JAKARTA, penanuswantara.online – Operasi tangkap tangan (OTT) Komisi Pemberantasan Korupsi (KPK) terhadap Bupati Pati Sudewo ternyata bukan operasi biasa. Di balik penetapan tersangka, terungkap drama di lapangan, mulai dari kebuntuan identitas pelaku, pemeriksaan berjam-jam, hingga upaya menghilangkan jejak dengan mereset telepon genggam.
Plt Deputi Penindakan dan Eksekusi KPK Asep Guntur Rahayu mengungkapkan, tim penyidik sempat mengalami kesulitan serius saat OTT dilakukan. Hambatan utama adalah mengurai peran kelompok yang disebut “Tim 8”, jaringan yang diduga menjadi alat Sudewo dalam memeras calon perangkat desa.
“Di lapangan itu kita enggak tahu ini siapa. Baru tahu ini orangnya Bupati, oknum Bupati, ini ‘Tim 8’,” ujar Asep dalam jumpa pers, Selasa (20/1) malam.
Penyidik Kerja Maraton, Kepala Desa Saling Ditanya
Untuk membongkar peran “Tim 8”, penyidik harus melakukan pemeriksaan lintas keterangan. Sejumlah kepala desa dan perangkat desa diperiksa satu per satu demi mencocokkan peran masing-masing pihak.
“Setelah pemeriksaan berjam-jam, keterangan dari sana-sini, baru ketahuan. Oh si orang ini bagiannya si ini,” ungkap Asep.
Proses tersebut menunjukkan bahwa OTT ini bukan sekadar penangkapan, melainkan operasi senyap yang penuh kehati-hatian. Bahkan, saat diamankan, beberapa tersangka sempat mengelak dan tidak langsung mengakui perbuatannya.
HP Direset, Jejak Berusaha Dihapus
Situasi di lapangan kian dinamis ketika penyidik mendapati adanya upaya menghambat penyelidikan. Beberapa pihak yang lebih dulu diamankan sempat memberi tahu pihak lain, sementara sebagian tersangka diduga mereset ponsel untuk menghilangkan bukti komunikasi.
“Ada juga HP yang sudah di-reset.

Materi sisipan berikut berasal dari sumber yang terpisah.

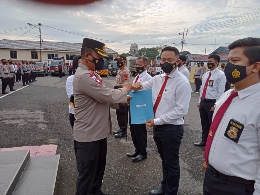 Kapolres lahat AKBP Eko Sumaryanto SIK, yang memimpin langsung langsung apel pemberian penghargaan kepada sejumlah personel Polres dan anggota Polsek Kikim Selatan.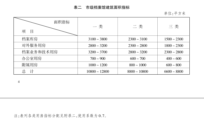 关于使用系数,本标准以现存档案馆两种最为常见的建筑模型进行推算,分别计算出的使用系数分别为70﹪和65﹪,结合调研结果以及反馈的意见,本标准将使用系数确定为70﹪,即0.7。

Itu dinamika di lapangan,” kata Asep.
Selain itu, penyidik juga menghadapi potensi tekanan sosial dan politik, mengingat posisi kepala daerah yang memiliki konstituen serta pendukung.
‘Tim 8’, Mesin Pemerasan di Balik Jabatan Desa
KPK mengungkap, “Tim 8” merupakan bagian dari tim sukses Sudewo saat Pilkada. Tim ini dibentuk untuk memuluskan pemerasan dalam rencana pengisian jabatan perangkat desa, dengan menarik sejumlah uang dari calon perangkat desa.
Sejak November 2025, Sudewo bersama orang-orang kepercayaannya disebut telah membahas skema tersebut. Di tiap kecamatan, ditunjuk kepala desa yang juga bagian dari tim sukses sebagai Koordinator Kecamatan (Korcam), yang dikenal sebagai “Tim 8”.
Empat Tersangka, Jerat Pasal Pemerasan
Dalam kasus ini, KPK telah menetapkan empat tersangka, yakni:
Sudewo, Bupati Pati periode 2025–2030;
Abdul Suyono, Kades Karangrowo, Kecamatan Jakenan;
Sumarjiono, Kades Arumanis, Kecamatan Jaken;
Karjan, Kades Sukorukun, Kecamatan Jaken.
Keempatnya dijerat Pasal 12 huruf e UU Tipikor juncto Pasal 20 huruf c KUHP, terkait dugaan pemerasan dalam jabatan.
OTT yang dilakukan pada Senin (19/1) ini menambah daftar panjang kepala daerah yang terseret kasus korupsi, sekaligus membuka tabir bagaimana kekuasaan lokal bisa dimanfaatkan untuk memeras dari level paling bawah: desa.